And in the end we all dance, laughing, into our doom: with a stirring coup de grâce of artful short film and extended song, the Swiss band CELLAR DARLING herald a new, furiously audiovisual era of their work.
Already a few weeks ago, CELLAR DARLING released their new piece "DANCE" about the mysterious dancing plague of 1518, an eleven-minute mammoth project that resembles a Celtic prog symphony more than a conventional rock song. Equally courageous and visionary, the trio of Anna Murphy, Merlin Sutter and Ivo Henzi is now breaking new ground visually, as well: the corresponding video could not be further from a typical clip. Instead, CELLAR DARLING take us into a nightmarish forest scenery, somewhere between TOOL and Shakespeare, between dark fairy tale and contaminated apocalypse. But in this case, we ourselves are the virus.
Watch the video here: https://youtu.be/A8SukdPDCeQ
Get the single digitally here: http://nblast.de/CellarDarlingDance
A forest in twilight, filled with shadows and chimeras. A crucified doll, billowing silhouettes, an abandoned birdcage. Then: three figures, rigid and silent, unable to avert their eyes. Three people trapped in themselves, while life rages around them, wounding, bleeding, dying. Enter three new figures. Veiled and masked, as if they were working as epidemiologists in a pandemic, three modern "Macbeth" witches, three Norns, who make short work of the silent figures. They blindfold them, gag them, in the end they lie in body bags. All this can be interpreted endlessly. But it simply wants to show the eternal struggle within us, life, death and rebirth, the aberrations of the psyche, the creeping death of our planet and our mute ignorance in the face of the lambent flames.

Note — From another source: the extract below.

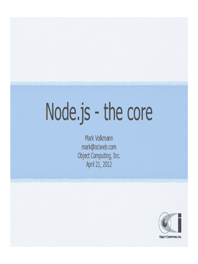 Node.js the core Mark Volkmar mark@ociweb.com Object Computing, Inc. April 21, 2012Overview ... Node\'s goal is to provide an easy way to build scalable network programs. http://nodejs.org/#aboutA

"My wish was for the audience to feel unwell while watching it," says Anna Murphy. "Equally important was that it wouldn't just be senseless brutality." It takes a lot to release a film like this. An urgent film that draws on classical motifs as much as it exudes zeitgeist, a bleak metaphor for life that is sometimes just as bleak, for the end of all things. "The prevention of dance is at the heart of the video," Anna explains, adding, "In the song we pick up on the dancing plague of 1518, when people mysteriously danced themselves to death. That, mixed with thoughts about our modern world and how we treat ourselves and our environment."
The cinematic realisation of this chimerical shape-shifting eleven-minute piece, "DANCE", is an iconoclasm that is equally disturbing and enlightening, conceived and visualised by opera director Olivier Tambosi. This matches the music in its dramatic nature: the song beguiles with serpentines of heavy riffs, surprising tempo changes and touching piano sounds, an endlessly woven band of prog, folk rock, metal, and of a disillusioned vibe that one would usually rather find in the grunge of the nineties.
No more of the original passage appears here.